Making intranets interesting

Too many companies invest in intranets only to see them fail

Darwin magazine tells a compelling story about the power of a company intranet.

Writer Daintry Duffy explains that HP used its intranet to ask staff if they were willing to take voluntary pay cuts. Eventually, more than 90% of employees volunteered and HP believes the intranet played a central role.

“Instead of finding out by word of mouth whether people were signing up, employees could check the site to see the current tally of volunteers. As the count steadily increased, it convinced more people to participate,” Duffy says.

However, many companies invest money in intranets only to see them fail or be met with little enthusiasm.

Part of the problem is caused by companies not considering why they are launching an intranet in the first place. There are lots of potential uses for an intranet but companies should know how the intranet will affect their strategic objectives.

Another problem with intranets is when they do not deliver value to employees.

“Stale content and lack of meaningful service offerings are, rightfully, a big turnoff … give them things that will help them do their jobs and don’t waste their time,” Duffy says.

To ensure intranets have fresh and relevant content, companies should encourage topic experts to contribute and maintain their own content and perhaps offer incentives for contributions. At consulting firm Andersen, contribution to the intranet is an element of each employee’s performance review.

Another way to ensure staff use the intranet is to shut down access to that information by any other means.

Intranets should be easy to navigate and not based around the organisation chart (that is around HR, benefits, marketing, sales).

Lisa Sulgit, a web consultant, told Duffy when interviewed for the article: “Your employees don’t know what HR is and they don’t care … they just want to get the stuff they need,”

Writing for Microsoft’s website, Jeff Wuorio says that an administrator needs to be appointed to manage the site and access to it don’t let everyone have the ability to delete or edit content. Also, don’t give into the temptation to throw every possible feature on the site.

“Don't approach all those features like a sailor on shore leave. As a rule, it's best to keep an intranet — particularly a new one — simple to learn and simple to use.”

It sounds obvious, but Wuorio advises companies to aggressively test their system, particularly to see how it works when several users are on the system at the same time.

A Fast Companyarticle by George Anders gives a good example of an intranet building a sense of communitya senior marketing specialist posted her ten best tips on a discussion board on an insurance firm’s US nationwide intranet. Within a short time more than 40 agents from across the US had joined the discussion, and hundreds more had read the postings.

Anders spoke to corporate users about how to build a good intranet and discovered one common piece of advice: create a forum for best practices.

“Step back a moment and ask yourself: what made the public internet take off? The answer: users benefited from being connected to so many people, businesses and ideas at once. People love to share what they know, what they care about, what they’re proud of.
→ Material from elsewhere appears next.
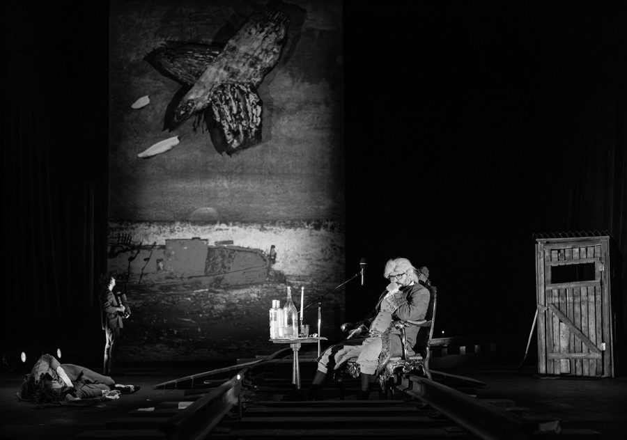 То ли начинаясь, то ли теряясь где-то в полутьме закулисья, кое-где подсвеченные электрическими свечками, в край сцены упираются рельсы, образуя своего рода тупик. В конце ветки, примостившись на обрыве железнодорожного полотна, актеры разыгрывают одну и ту же шахматную партию, в которой Моцарт отбивает каждый ход ударом молотка о рельс. Шахматами в игре служит всякий случайный хлам: конфеты, фантиками которых шуршит, поедая «фигуры», Моцарт, или наперстки. По центру, прямо на рельсах, роскошное, хоть и видавшее виды, кресло с торчащей из него набивкой — опорный пункт Сальери. Справа покосившееся дощатое сооружение с окошком — то ли туалет, то ли сарай для перегонного аппарата, из которого Сальери выносит бутыль с мутной жидкостью, чтобы угостить Моцарта в «Золотом льве». У фортепиано слева человек в валенках и трениках, но в черном кудрявом парике, которого представляют нам как Володю (музыкант и композитор Владимир Розанов), он же Александр Сергеевич (Пушкин), он же «слепой скрыпач». Костюмы главных героев — микст. Роскошный камзол, шапка с помпоном и кеды; небрежный шарфик и драповое пальтецо, из-под которого выглядывает кружево сорочки. Но мы точно не перепутаем, кто есть кто. Долговязый, нескладный, взлохмаченный Феськов — Моцарт. Осанистый красавец Юринов с бархатным баритоном — Сальери. Они весь вечер на арене, как Рыжий и Белый, как Ипполит и Лукашин, как Розенкранц и Гильденстерн с их игрой в орлянку/шахматы. Володя/Саша чуть в стороне, скромно-улыбчивый, он не только музыкант, аккомпаниатор, но и «свидетель», естественностью своего присутствия и реакций остраняющий лицедейство дуэта Юринова — Феськова.

A large intranet can capture some of that magic as well,” he says.

Anders says we often hear intranet champions say that if only employees would spend some time getting to know the site, they would discover all the useful content.

“The solution to that problem, of course, is to make your intranet an undeniably essential part of every employee’s workday,” he says.

“Give them news they can use right away, such as links to information on medical deductibles or vacation pay. For a factory site, something as simple as a cafeteria menu or an update on parking spaces might be the hook that snags employees. For a research centre site, up-to-the-minute competitive intelligence about major rivals will keep users coming back for more.

In any case, whatever the audience, your home page should offer something of immediate value,” Anders says.